The trial committee found that Edwards was not guilty either of conspiracy or of divulging the secrets of his client. Inasmuch as that committee had the witnesses before it and observed their demeanor, we are disposed to adopt its findings in this regard. As to its finding that Edwards had written letters calculated to bring the courts and judges thereof into disrepute, it must be noted that there had been no formal charge of these particular acts. Trial can be had only on charges contained in the information or rule. (6 C. J. 605;In re Baum, 32 Idaho 676, 186 P. 927.)
Attention has been called to the rule announced in In reTipton, 4 Idaho 513, 42 P. 504, that where a crime indictable under statute is charged against an attorney of this court, in disbarment proceedings, the court will not proceed therein until proceedings have been taken in the district court, or until sufficient time has elapsed to afford the proper authorities opportunity to prosecute the accused in that court.
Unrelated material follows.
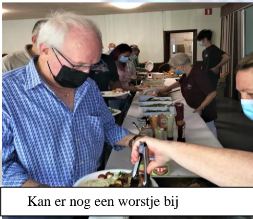
Kan er nog een worstje bij

Woorje van onze penningmester Beste leden en familie Na een lange tijd van Non- Actief Hebben we zaterdag 14 augustus een FANTASTISCHE BBQ gehad. Het weer zat ons geweldig mee ,heel veel volk, en een goede sfeer. Dank vooral aan alle medewerkers, en werksters voor jullie FANTASTISCHE INZET. Ook de 5 leden van de Chiro van Pellenberg, die ons bijgestaan hebben. DIKKE DANKJEWEL. Het was een onverhoopt succes en hopelijk een vervolg op ons Mosselstijn. Vele Paracdo grtj. Dompi
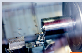
Produzione in serie ai massimi livelli con etichettatura e confezionamento personalizzati

This decision was based on early California cases cited in the opinion, and the rule has been departed from by the California courts ever since Ex parte Tyler, 107 Cal. 78, 40 P. 33. See for a review of the authorities intervening, In re Danford,157 Cal. 425, 108 P. 322. The rule now followed by California and the great majority of the states is to the effect that where the offense charged consists of a violation of professional duty the court will entertain disbarment proceedings independent of any prosecution or conviction. We are constrained to hold in line with these decisions.
The right to practice law is not a property right (Cohen v.Wright, 22 Cal. 293), but is a privilege or franchise (6 C. J. 569, and cases cited.) As was said in Ex parte Garland, 4 Wall. (U.S.) 378, 18 L. ed. 366: *Page 694
"They (attorneys) hold their office during good behavior, and can only be deprived of it for misconduct ascertained and declared by the judgment of the court after opportunity to be heard has been afforded. Their admission or their exclusion is not the exercise of a mere ministerial power. It is the exercise of judicial power."
The letters written by Edwards are of such a character that further action should be taken by the board with reference thereto, but this court will take no action until a formal charge has been preferred and the defendant given an opportunity to answer.
The proceeding must be dismissed, with directions to the board to take further action with respect to the letters.
Wm. E. Lee, C. J., and Givens and T. Bailey Lee, JJ., concur.